**TASK DETAILS:**
Leave out every picture, then transcribe the rest of the listing exactly.

=== Section Start ===

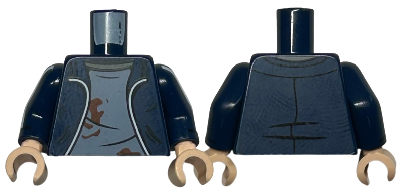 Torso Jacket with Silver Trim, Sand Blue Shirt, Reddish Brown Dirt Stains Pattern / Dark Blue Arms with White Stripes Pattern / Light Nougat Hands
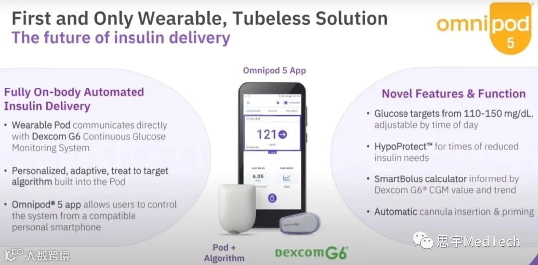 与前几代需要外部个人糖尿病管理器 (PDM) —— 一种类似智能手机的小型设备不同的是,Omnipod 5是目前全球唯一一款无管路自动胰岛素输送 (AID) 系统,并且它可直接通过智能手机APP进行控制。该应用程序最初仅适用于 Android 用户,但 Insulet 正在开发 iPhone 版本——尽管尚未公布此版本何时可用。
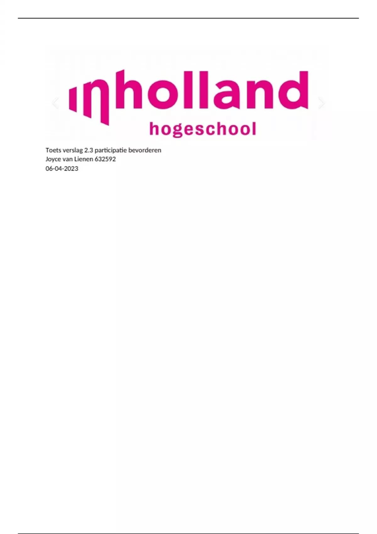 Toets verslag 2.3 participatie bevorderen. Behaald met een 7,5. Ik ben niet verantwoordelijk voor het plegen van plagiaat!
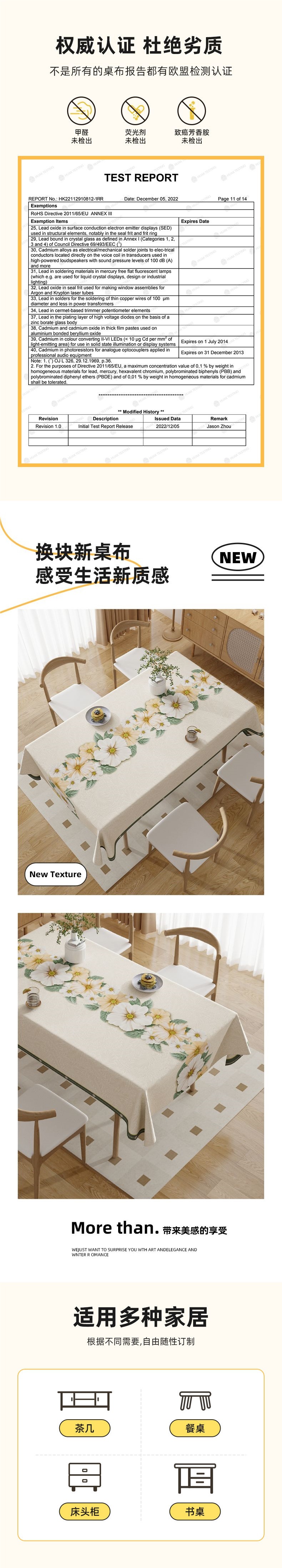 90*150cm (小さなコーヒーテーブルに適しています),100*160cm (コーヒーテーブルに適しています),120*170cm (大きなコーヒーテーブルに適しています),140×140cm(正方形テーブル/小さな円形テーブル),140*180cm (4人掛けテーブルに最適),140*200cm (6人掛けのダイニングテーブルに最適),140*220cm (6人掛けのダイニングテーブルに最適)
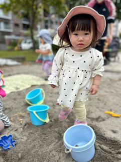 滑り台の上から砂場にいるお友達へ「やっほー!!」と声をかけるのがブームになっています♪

=== Section End ===

**WRITTEN ANSWER:**
 Torso Jacket with Silver Trim, Sand Blue Shirt, Reddish Brown Dirt Stains Pattern / Dark Blue Arms with White Stripes Pattern / Light Nougat Hands
 与前几代需要外部个人糖尿病管理器 (PDM) —— 一种类似智能手机的小型设备不同的是,Omnipod 5是目前全球唯一一款无管路自动胰岛素输送 (AID) 系统,并且它可直接通过智能手机APP进行控制。该应用程序最初仅适用于 Android 用户,但 Insulet 正在开发 iPhone 版本——尽管尚未公布此版本何时可用。
 Toets verslag 2.3 participatie bevorderen. Behaald met een 7,5. Ik ben niet verantwoordelijk voor het plegen van plagiaat!
 90*150cm (小さなコーヒーテーブルに適しています),100*160cm (コーヒーテーブルに適しています),120*170cm (大きなコーヒーテーブルに適しています),140×140cm(正方形テーブル/小さな円形テーブル),140*180cm (4人掛けテーブルに最適),140*200cm (6人掛けのダイニングテーブルに最適),140*220cm (6人掛けのダイニングテーブルに最適)
 滑り台の上から砂場にいるお友達へ「やっほー!!」と声をかけるのがブームになっています♪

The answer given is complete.